Dynasty – The Rise and Fall of the House of Caesar, by Tom Holland

As a keen consumer of history books, both fiction and non, I’ve bought a few of Holland’s works now. On each occasion I’ve stood at the book shop till, hope having narrowly triumphed over experience.

They promise, and largely deliver, an insider’s guide to the received narrative of the ancient past, knitting together the stories with the author’s take on the psychology of the participants and using his expansive knowledge of the sources to bring dusty or dislocated accounts into a sharp, modern focus. Holland is a gifted historian and an adroit wielder of words.

However, there’s a chance you may find his style deeply annoying, or at the very least unhelpfully abstruse. I certainly do.

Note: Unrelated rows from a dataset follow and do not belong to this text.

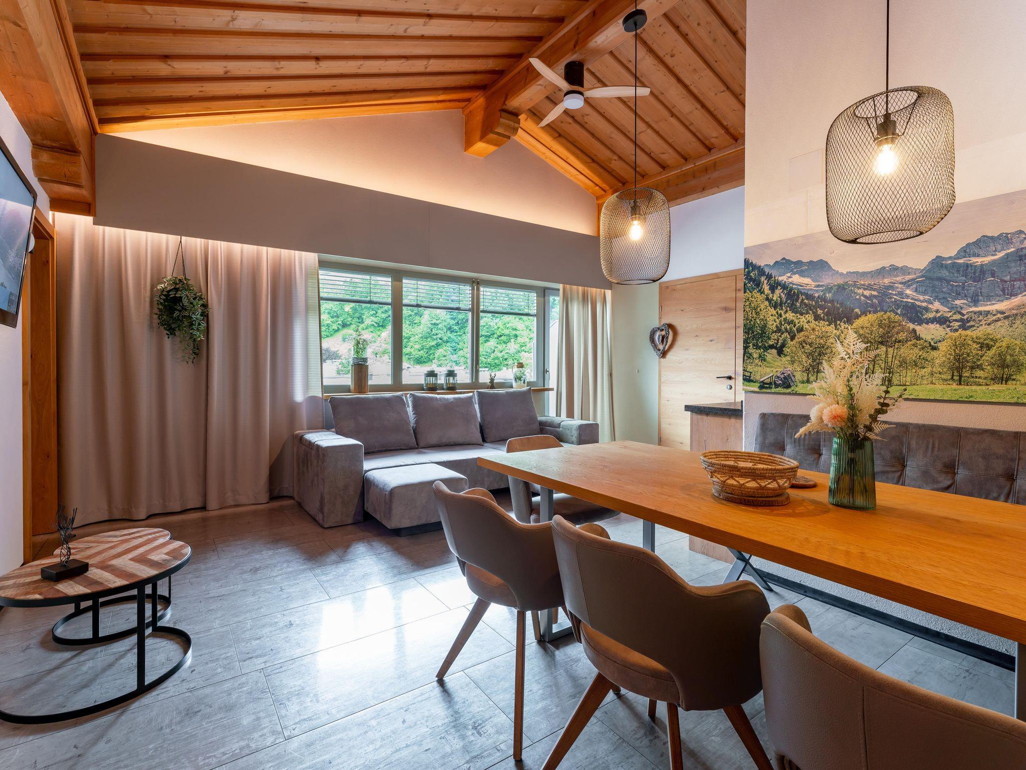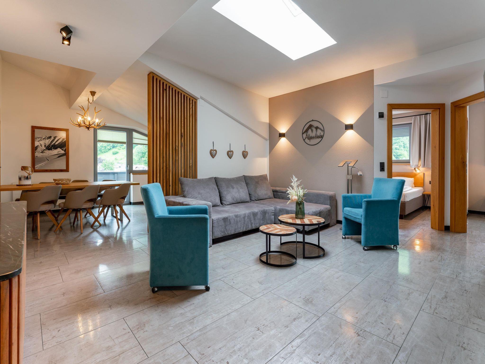 • Drei Appartements: ALM 1 und ALM 2 (jeweils für 6 Personen) im 4. Stock, ALM 3 (für 4 Personen) im 3. Stock, jeweils mit Aufzug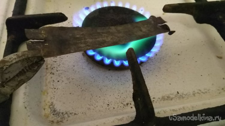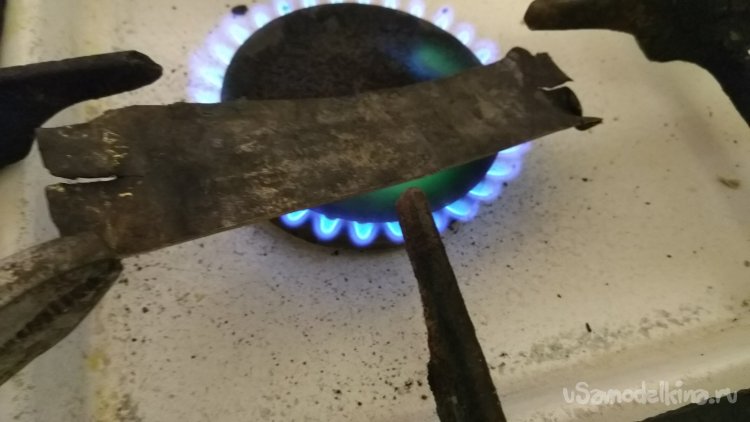 С металлом у меня возникли проблемы, латунь которую хотел использовать, оказалась бронзой. Ни о какой резке её и ковке речи быть не может, она колется, слишком крепкая. Когда отрезал полоску от той штучки что нашёл в прибое на море, даже и не думал что это бронза, думал просто нагартованная латунь, края были замяты каральками. Но когда отжёг на газовой плите до красного каления, и твёрдость не поменялась. Вот тут пришлось идти на поиски замены.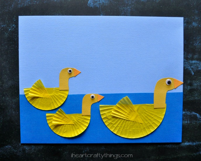 They turned out so cute, like a Momma Duck and two of her babies swimming in the water. You can personalize it even more with crayons to draw a sun or clouds, or marks in the water. Anything your heart desires.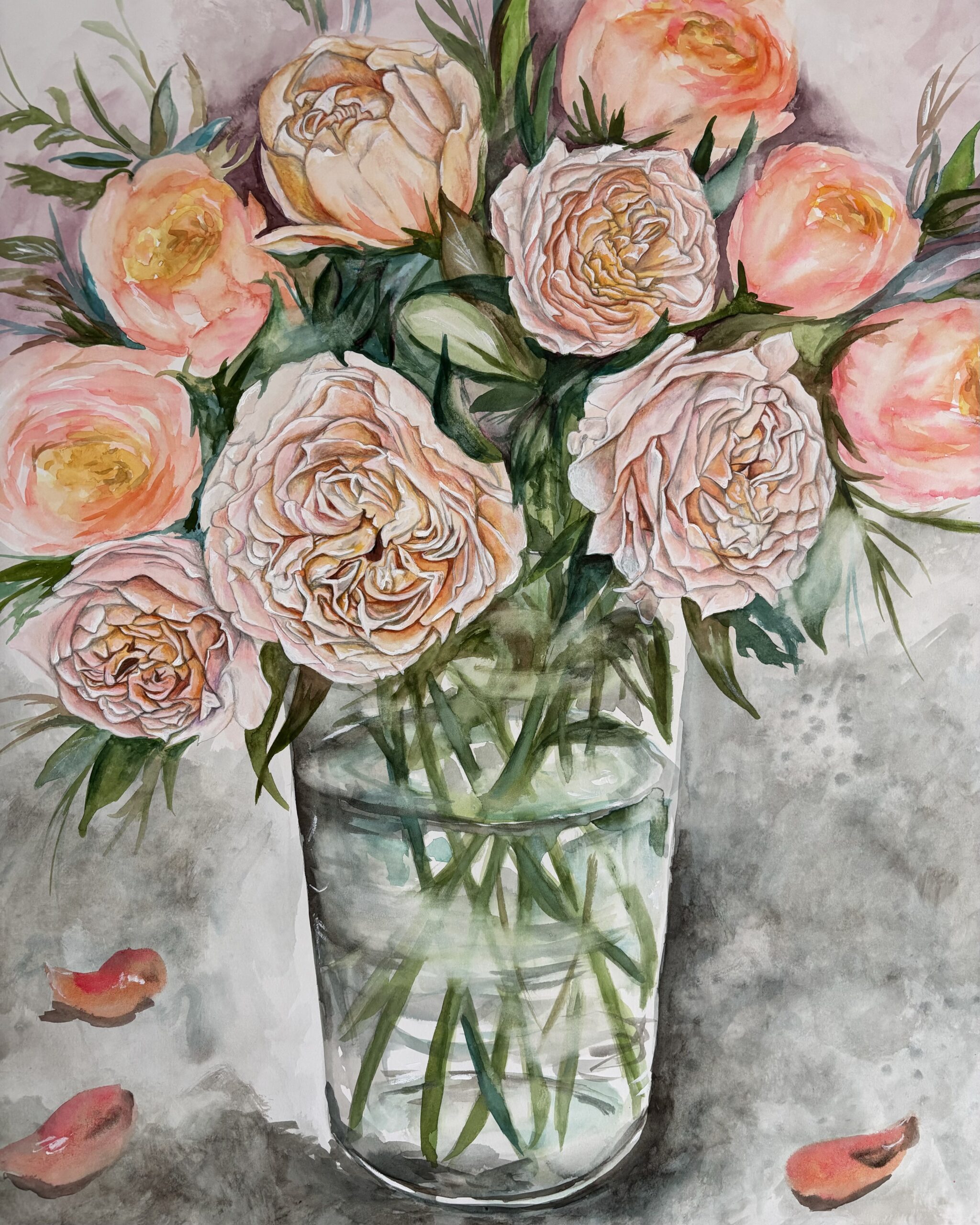 #0017 aquarell rosen lachsfarben / watercolor roses salmon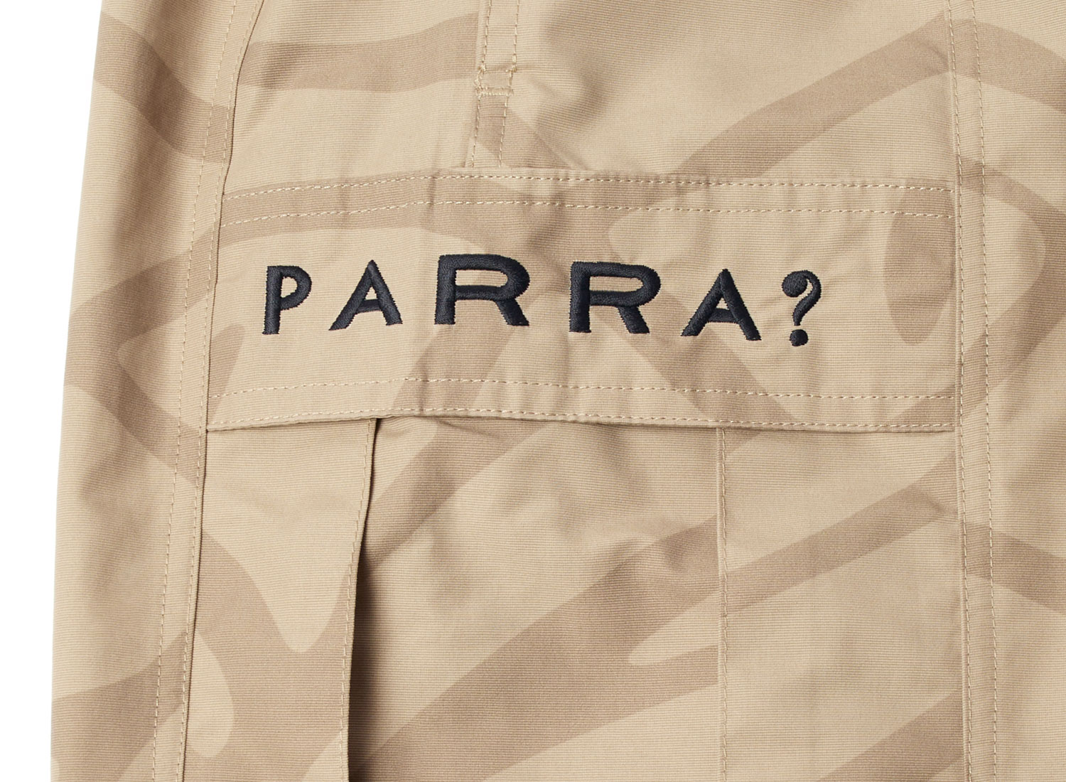 Relaxed fit Side cargo pockets PARRA embroidery on right pocket. Drawstring waist.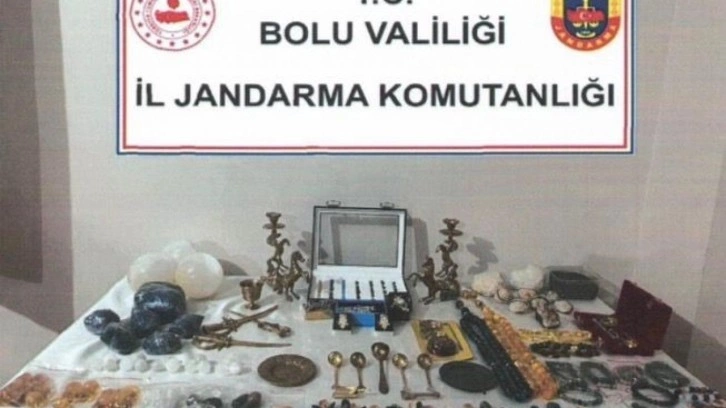 Adreste yapılan aramalarda 500 gram altın tozu, 335 adet değerli taş ve 13 adet tarihi eser niteliğinde obje ele geçirildi.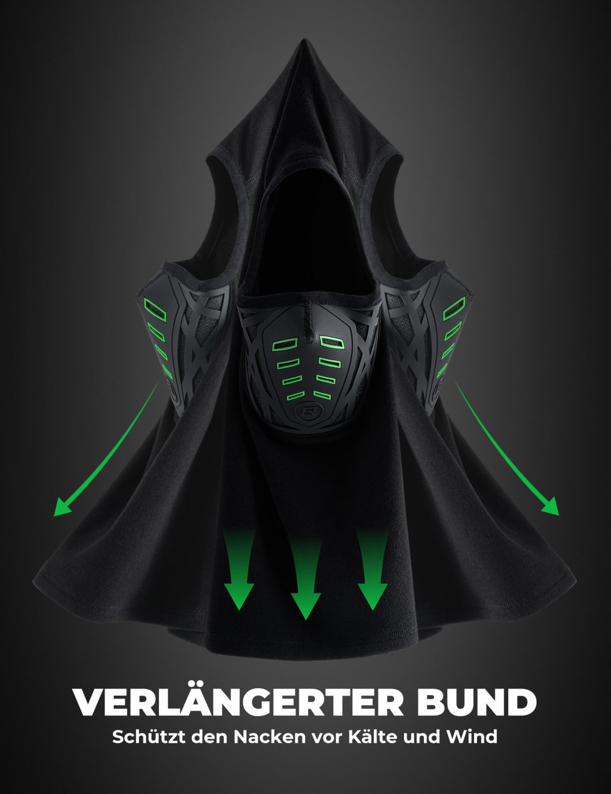 Spezialgewebe blockiert Windböen und Feinstaub – ideal für Fahrrad-, Motorrad- oder Ski-Abfahrten bei starkem Wind oder in staubigen Umgebungen. Schützt zuverlässig vor Witterungseinflüssen.
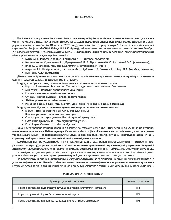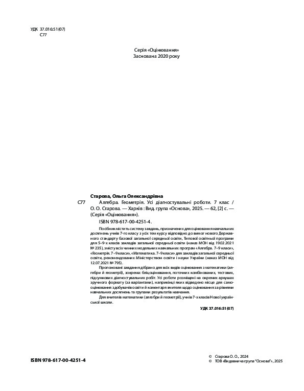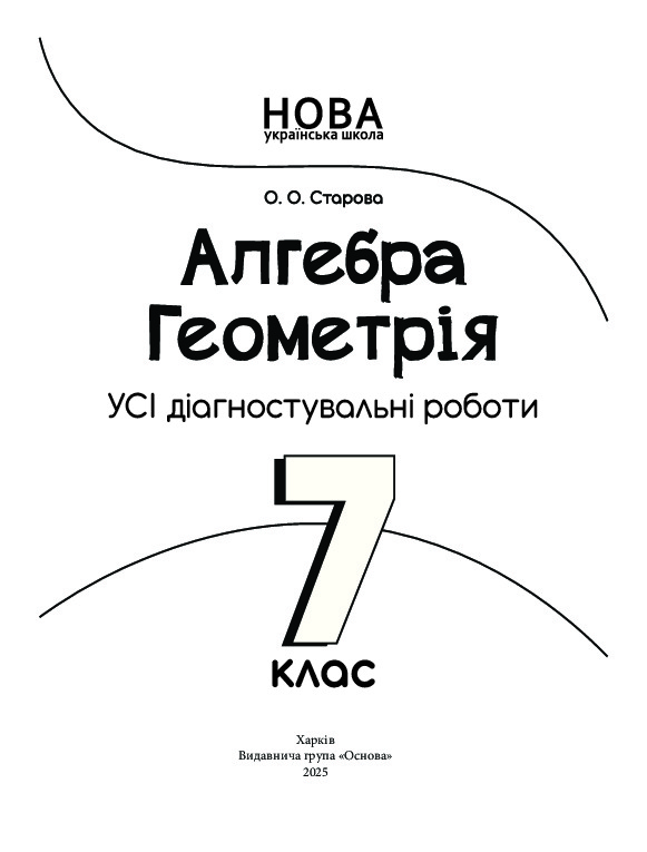 Посібник містить систему завдань, призначених для оцінювання навчальних досягнень учнів 7-го класу з усіх тем курсу відповідно до вимог нового Державного стандарту базової загальної середньої освіти, Типової освітньої програми для 5–9-х класів закладів загальної середньої освіти (наказ МОН від 19.02.2021 № 235), змісту всіх чинних модельних навчальних програм «Алгебра. 7–9 класи», «Геометрія. 7–9 класи», «Математика. 7–9 класи» для закладів загальної середньої освіти, рекомендованих Міністерством освіти і науки України (наказ МОН від 12.07.2021 № 795). Пропоновані завдання дібрано для всіх видів оцінювання з математики (алгебри й геометрії), зокрема: бліцоцінювання, поточних комбінованих, тестових, підсумкових діагностувальних робіт. Усі роботи розміщені на окремих аркушах зручного формату (за варіантами), наприкінці яких відведено місце для самооцінювання здобувачів освіти та коментаря вчителя.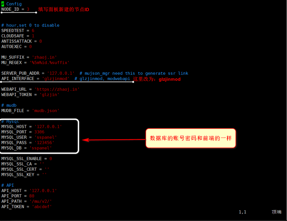 | 123456 | NODE_ID #改为面板对应的节点ID,上一步新建的节点IDAPI_INTERFACE #改为 glzjinmodMYSQL_HOST #如果面板和节点在一台机这里是localhost或者127.0.0.1 如果是远程面板,这里是远程面板数据库的IPMYSQL_USER #改为面板机数据库用户名MYSQL_PASS #改面板机数据库的密码MYSQL_DB #改为面板机数据库的名字 |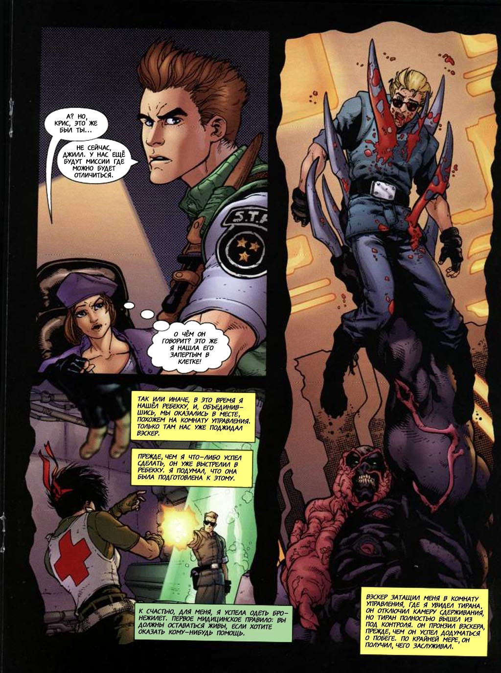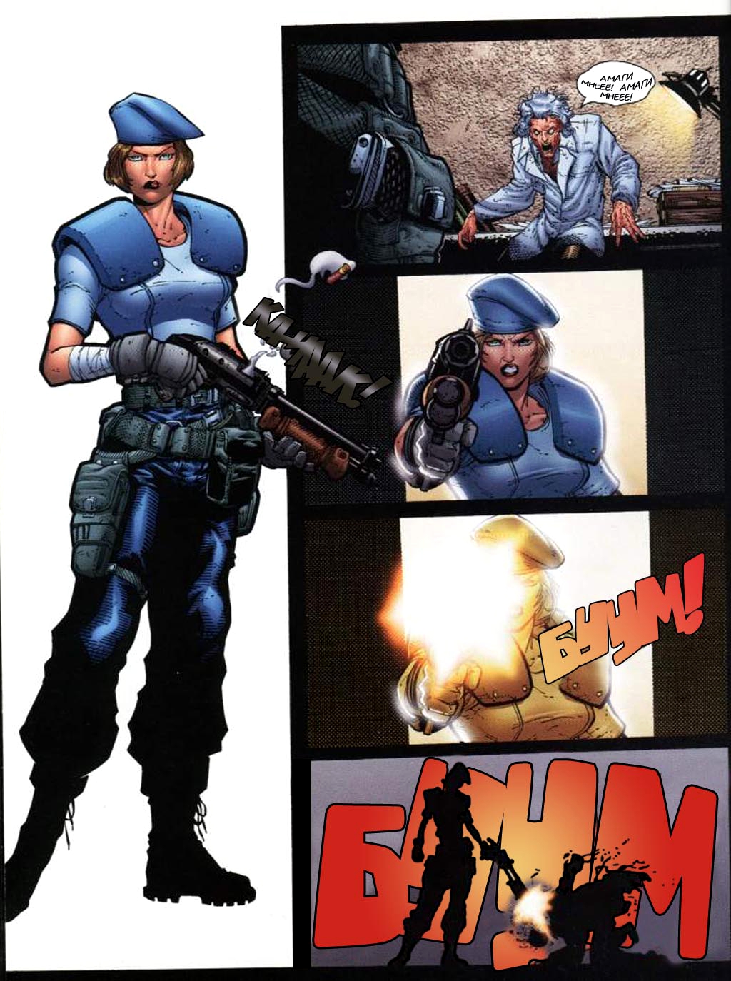 Более того, в комиксе, последний бой с Тираном вели все выжившие члены отряда S.T.A.R.S... По сюжету Криса... На кадрах видны Джилл и Ребекка.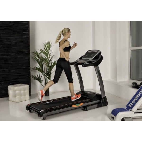 Двигатель POWER RIDER разгоняет полотно дорожки до 22 км/ч. Модель отличает продуманная система амортизации, которая включает слаженную работу пяти компонентов (деки, опор, амортизаторов и нескольких демпферов). Меняя наклон можно добавлять нагрузку. Модель комплектуется встроенными датчиками контроля пульса Polar.

Almost every paragraph is linked inextricably to the last, meaning that if you’re the type of person who typically reads a couple of pages in bed each night, you’d better have a superb memory for the nuances of what you read 24 hours ago… or start the chapter again. What I mean is that you can’t just start reading where you left off – you need to trace back the ideas and references being made, often quite a long way. Seriously, there can be pages and pages of inter-related prose which cannot be deciphered easily without finding the beginning. I swear I read the same three page section on some dastardly palace plot in Caligula’s reign five or six times before I could divine what was going on.

Secondly, there is an assumption that the reader has a fair bit of knowledge of classical Rome – the main stories and characters – to the extent to which Holland feels able (freed?) to ignore some of the obvious plot points in all but inference. Some readers will be baffled by what’s going on and will object to the absence of the standard stories, but others will relish the opportunity to explore beyond the well-trodden paths.

If you can devote solid hours of reading to this book, it will reward you in turn, but as a time-poor casual reader, I found it a somewhat alienating slog. Other opinions are available, clearly.